How about some Christmas photos? I hope no one minds all of these posts and pictures. I have tons of 'em








Willie waiting to pounce on someone.


----------



## Heather102180 (Nov 19, 2003)

Great photos! You have a pretty tree.


----------



## Mitts & Tess (Sep 4, 2004)

You cant post too many photos here. We love them.


----------



## horseplaypen (Apr 1, 2004)

the second picture is just hilarious!


----------



## DesnBaby (Apr 18, 2004)

Nice tree and cute kitty


----------



## fellajetandmonster'sslave (Aug 5, 2003)

*x-mas pix*

hey-we're catlovers---ther's no sucha thing as too many pix!


----------



## moarias1984 (Oct 20, 2006)

Lol I almost couldnt find the cat in the pictures!


----------



## ChevyIIMan (Nov 8, 2006)

We got Dusty a elf costume she doesnt seems to mind the collar but cant stand the hat, i itleast need to get one pic of her with it on eventually lol...


----------



## WiccanWolf (Apr 4, 2007)

Here is our Christmas Tree.










Here is the culprit.










On a different note...anyone know of a good way to deal with this? I'm getting sick of putting the things back on the tree only to have two or three ornaments deposited nicely at the foot of the bed when I get up in the morning. She doesn't like being sprayed but it still doesn't seem to be helping much.

^.".^


----------



## Jeanie (Jun 18, 2003)

The only suggestion I could make would be to put the ornaments in farther on the branch.

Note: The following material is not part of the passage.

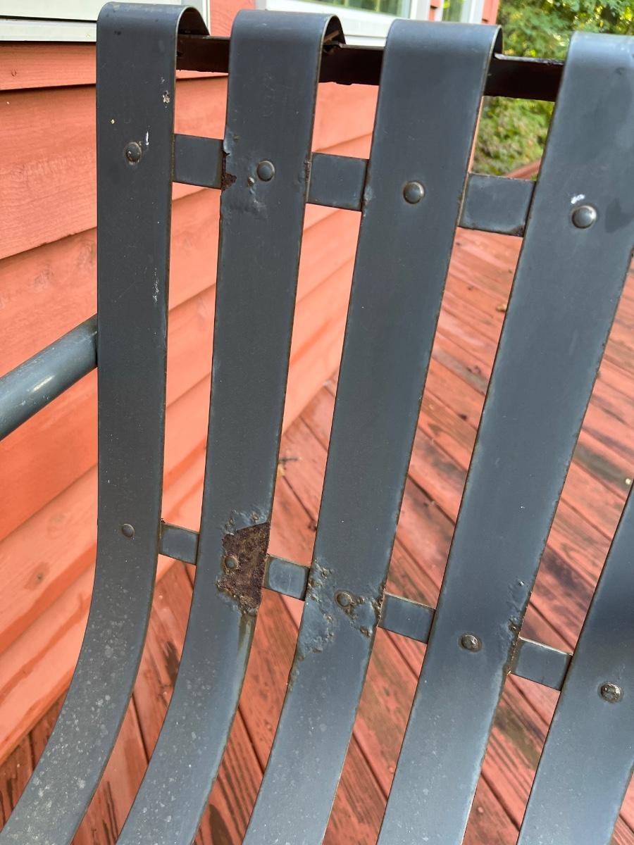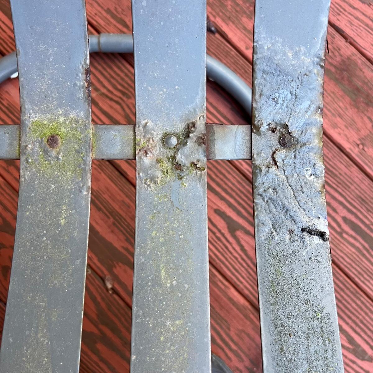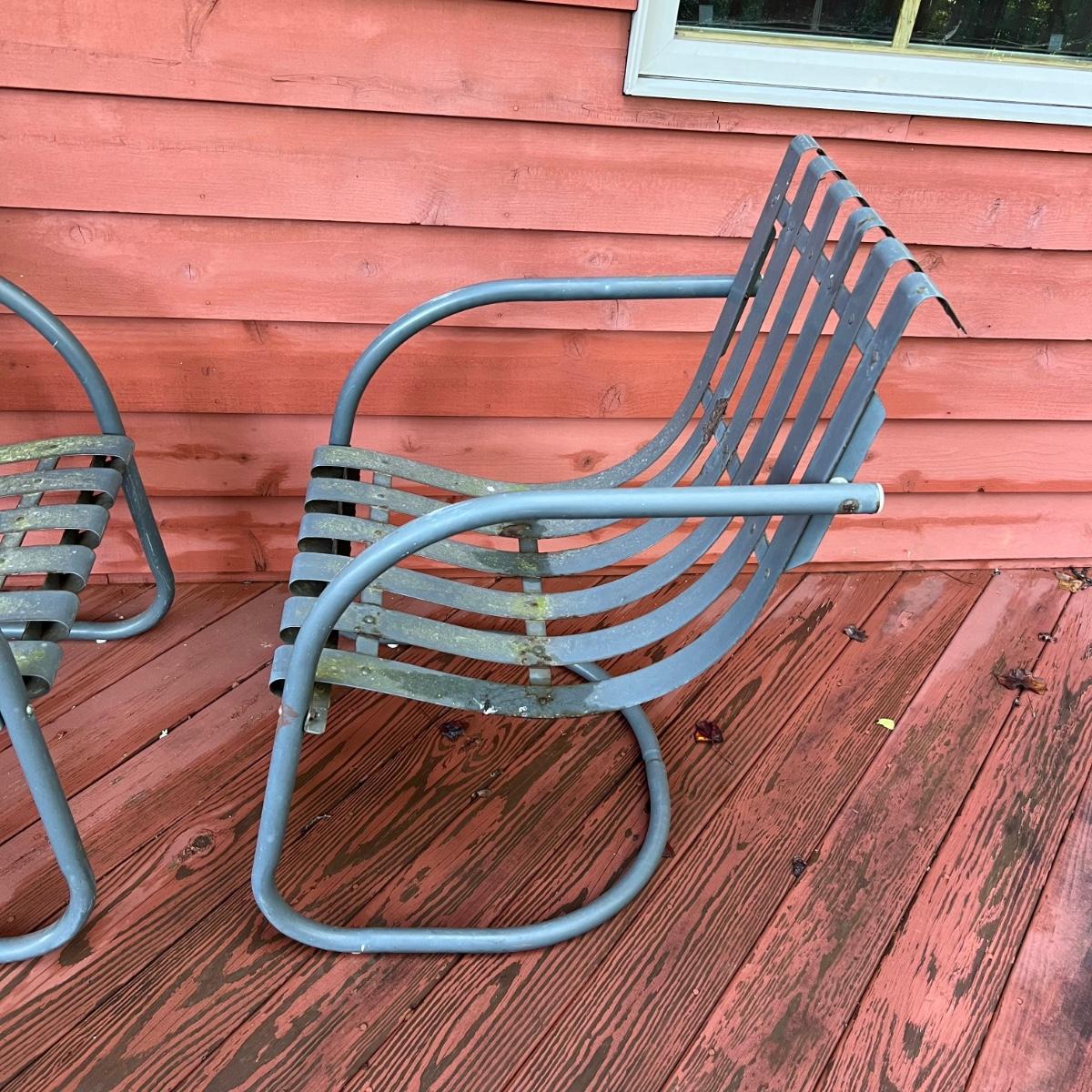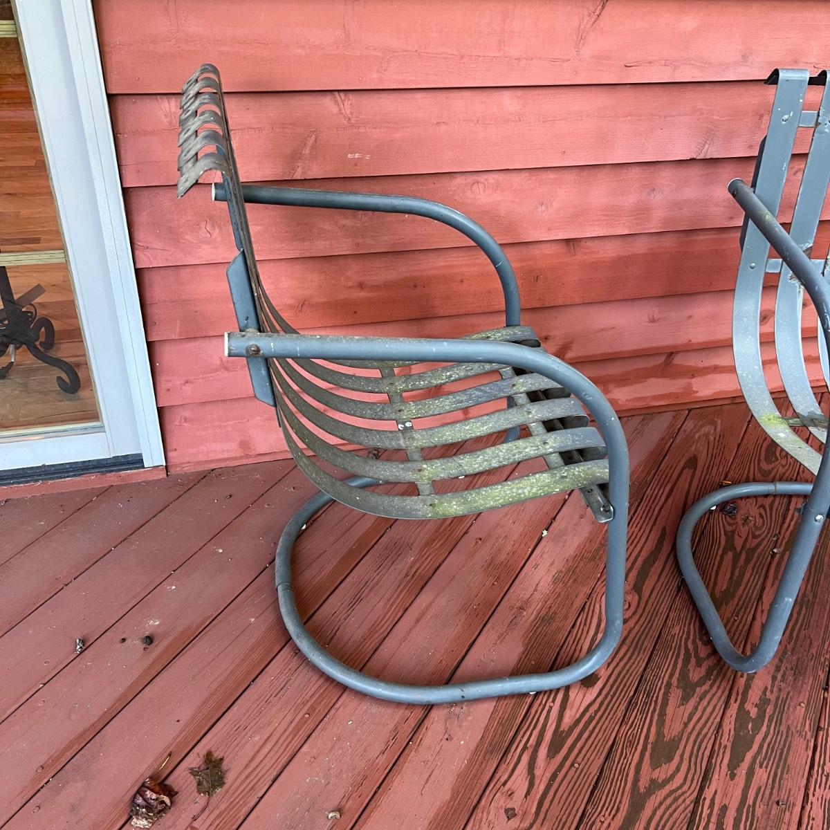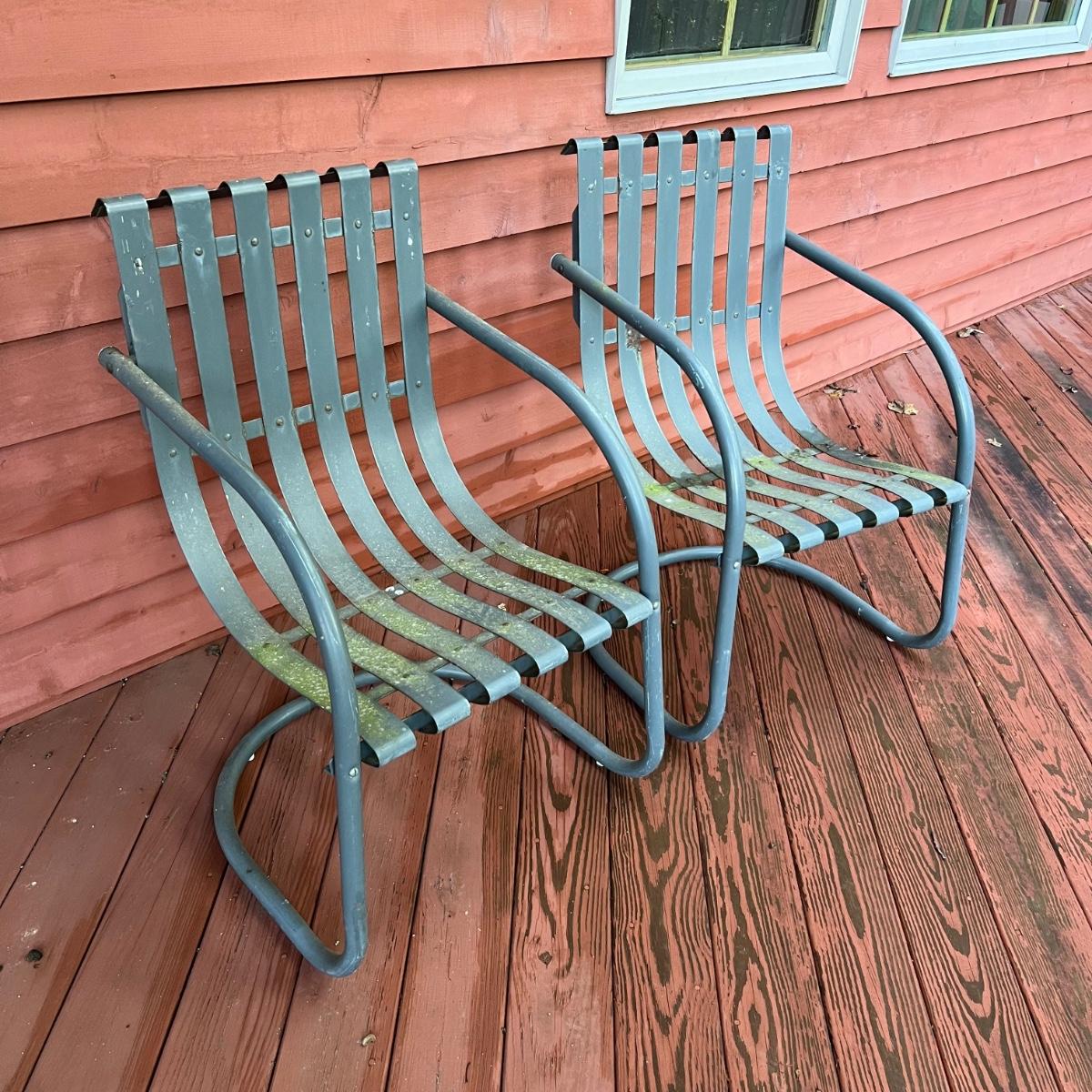This pair of green metal patio chairs measure 20” x 24” x 35”H with 16” seat height. They are sturdy chairs but do have some minor surface rust in places and paint chipping, see images.

I hope it works!


----------



## WiccanWolf (Apr 4, 2007)

I don't think that will work Jeanie as we've caught her quite a few times actually in the tree trying to get them from behind. A bunch of icicles and snowflakes are laying on the table next to the tree from one night of being unsupervised. We have some stuffed bear ornaments she brings in to the bedroom each morning, which I understand as she does this with her actual stuffed bears, but I'm afraid to put the breakable ornaments on the tree for obvious reasons. The funny thing about it was we had it up with just the lights on it for a few days and all either cat did was lay under it. Maybe we are just destined to have just a lit tree during the holiday season. :lol:

^.".^


----------



## Jeanie (Jun 18, 2003)

Ah, what a little rascal you have!  But she's a cute rascal!


----------



## WiccanWolf (Apr 4, 2007)

That she is.

^.".^


----------